There are important mathematical and conceptual differences between renormalization and diffusion though. One difference is what we take as the independent variable. Renormalization is a transformation over scale, not time. While you can conceptualize coarse-graining as a process of “zooming out”, we typically don’t think of renormalization as something that happens to a system over time—it’s a parametric family of descriptions that are all simultaneously true, depending on what scale you view the system at. In diffusion, by contrast, the process is explicitly happening over time.
Another difference is the fundamental mathematical object. In diffusion, we care about the evolution of the probability measure over time. The dynamics can be described by an SDE whose marginal distribution at each time point matches the correct target marginal. By constrast, in renormalization we are more interested in the potential that generates the Gibbs measure—specifically, the coupling constants of key terms in the potential that we track over the course of renormalization. The evolution of the theory is described by an ODE for the coupling constants.
Maissam Barkeshli - Sharpness Dynamics in Neural Network Training
In this talk I discuss certain robust, universal phenomena that appear when tracking the top eigenvalue of the Hessian of the loss, which we refer to as the sharpness. The sharpness tracks the local geometry of the training loss landscape and plays a key role in determining the maximal allowable learning rate. It is also conjectured to play an important role in generalization capability. I will demonstrate how sharpness exhibits various universal phenomena during early, middle, and late stages of training across architectures and tasks, and how this phenomena can be understood through the lens of a simple toy model. I will also show how sharpness provides an important lens into understanding the underlying mechanisms of learning rate warmup, and how to make it more efficient.
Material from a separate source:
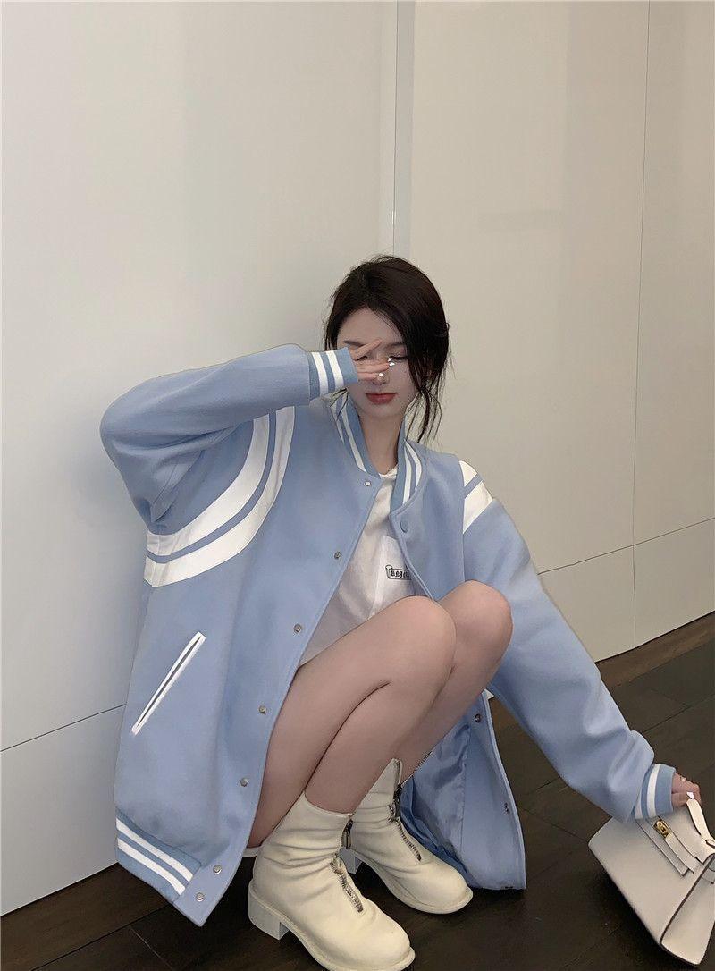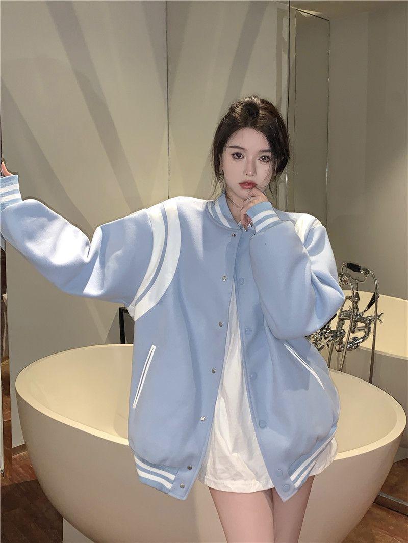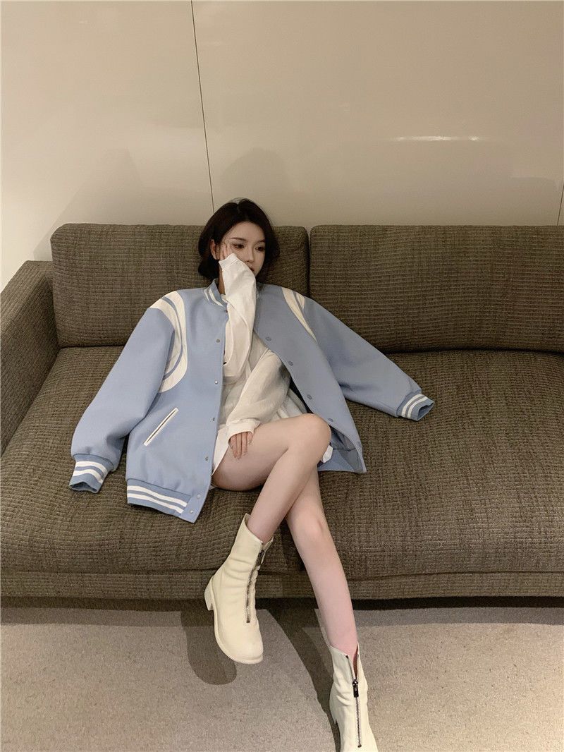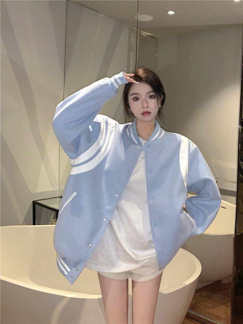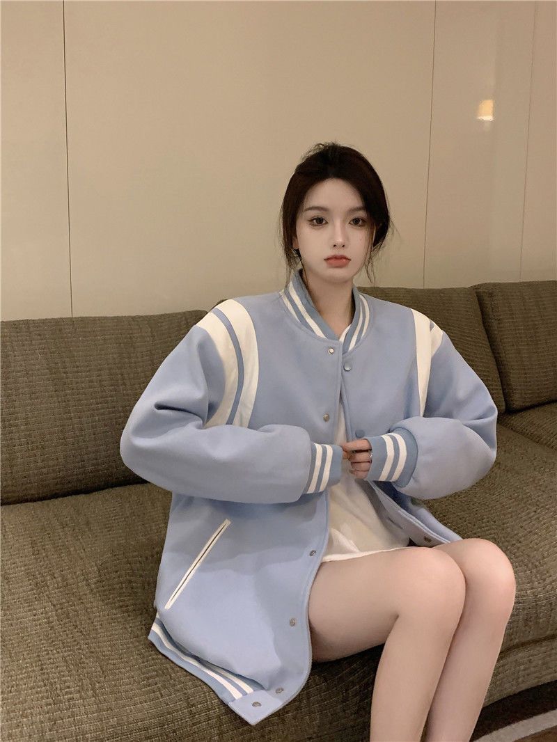 Chamarra de Béisbol Vintage para Mujer Primavera y Otoño Nueva 2023 Holgada Versátil Estilo Coreano Ins Trendy Top de Manga Larga
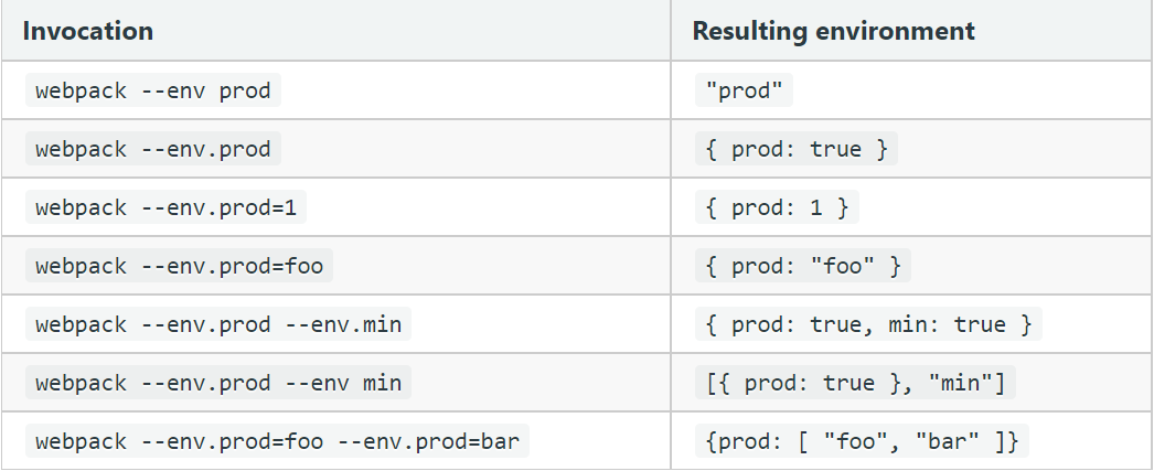 webpack --env.production # 设置 env.production == true

I wrote a previous post on edge of stability that goes into more detail, but the basic idea is this: during gradient descent, the sharpness (the largest eigenvalue of the Hessian) tends to rise until it hits the critical threshold $2/\eta$, where $\eta$ is the learning rate. On a quadratic loss, $2/\eta$ is the value of sharpness at which gradient descent diverges—the iterates overshoot instead of converging to the minimum. What’s surprising is that neural networks train right at this edge, with the sharpness hovering at the stability threshold throughout training.
These dynamics turn out to be remarkably robust across different architectures and tasks. This is significant because sharpness is conjectured to play a key role in generalization: training at the edge of stability may act as an implicit regularizer, biasing gradient descent toward flatter minima that generalize better.